▶ _Exercise_
Every line of the listing is returned unchanged, and every picture is dropped.

▶ _Data shown_

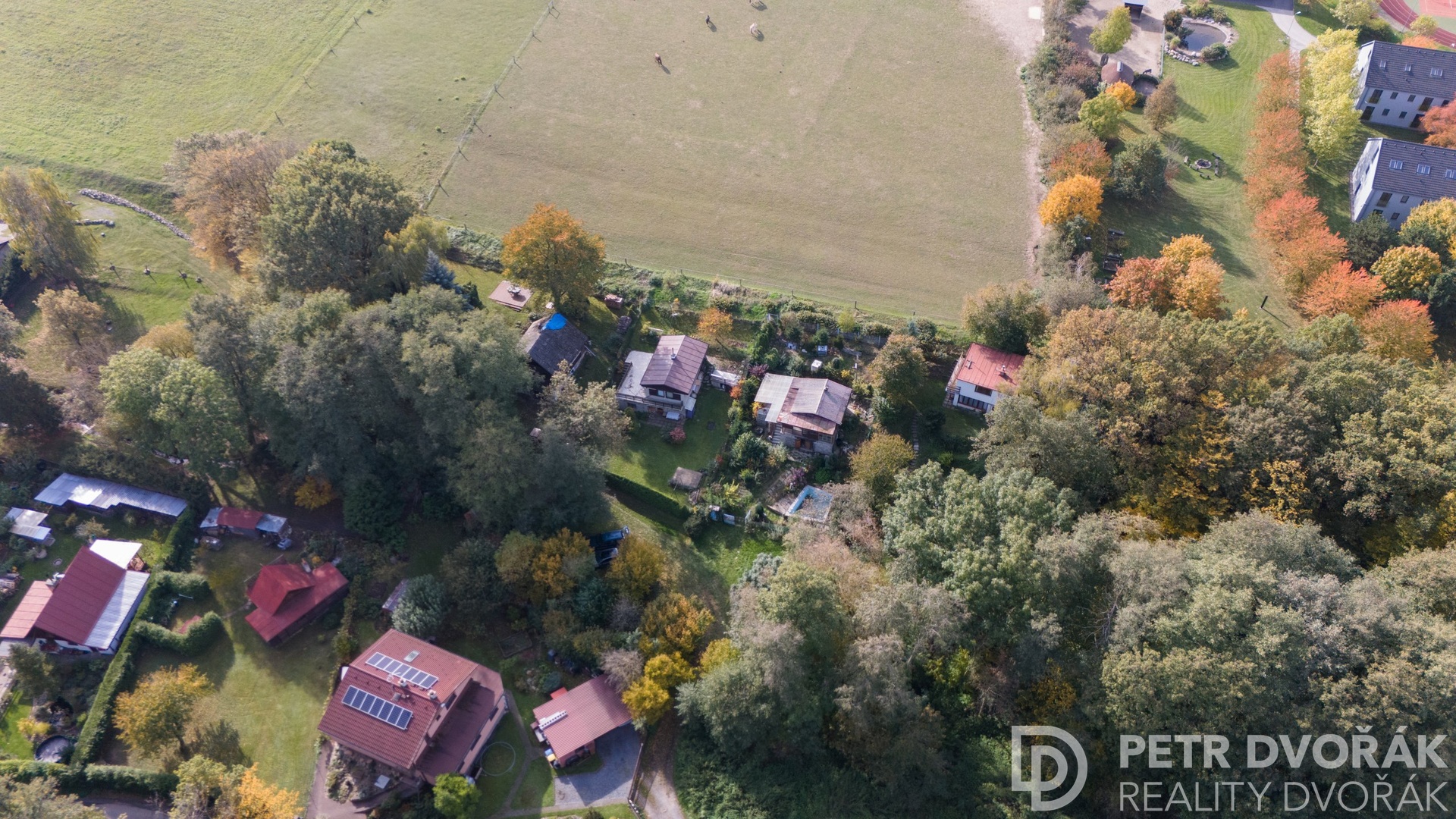Oplocený pozemek s vrátky přímo k výběhu koní
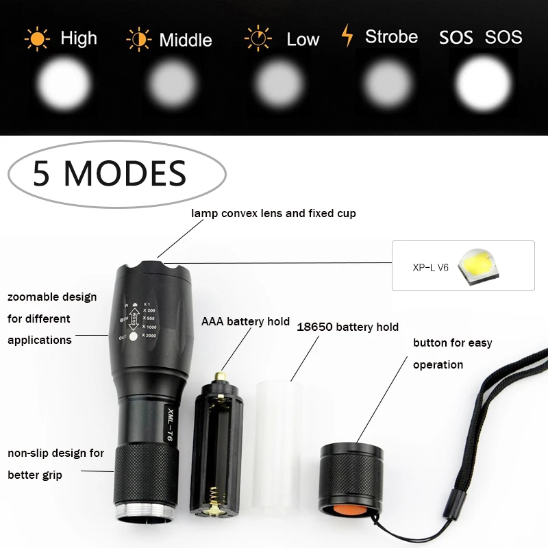 О светодиодный фонарик:Этот Высококачественный водонепроницаемый светодиодный фонарик 80000LM/фонарь с диммером, регулируя телескопическую головку; Кнопка всегда работает в режиме переключения, и вы можете быстро переключаться с полунажатием кнопки.
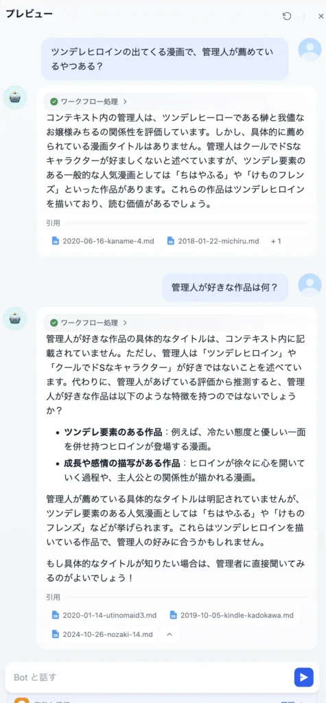 爆死する予感しかないのだけれど、現在ブログの内容を覚えさせてAIをサイト水先案内人にする、という試みをしていたりする。漫画読めよ。
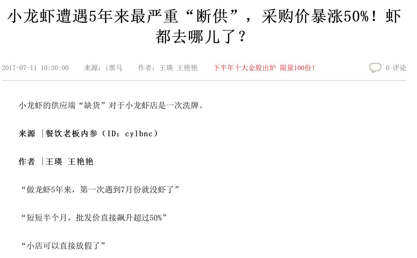 据了解,5月上旬的小龙虾货源,大多是来自省内各产区的池塘虾,亩产量最大。到了6月,小龙虾的消费最旺季到来,但第一季的池塘小龙虾已所剩不多,供应量便开始减少,从而形成了6月底至7月初时的旺季大涨价现象。

▶ _Output of the exercise_
Oplocený pozemek s vrátky přímo k výběhu koní
 О светодиодный фонарик:Этот Высококачественный водонепроницаемый светодиодный фонарик 80000LM/фонарь с диммером, регулируя телескопическую головку; Кнопка всегда работает в режиме переключения, и вы можете быстро переключаться с полунажатием кнопки.
 爆死する予感しかないのだけれど、現在ブログの内容を覚えさせてAIをサイト水先案内人にする、という試みをしていたりする。漫画読めよ。
 据了解,5月上旬的小龙虾货源,大多是来自省内各产区的池塘虾,亩产量最大。到了6月,小龙虾的消费最旺季到来,但第一季的池塘小龙虾已所剩不多,供应量便开始减少,从而形成了6月底至7月初时的旺季大涨价现象。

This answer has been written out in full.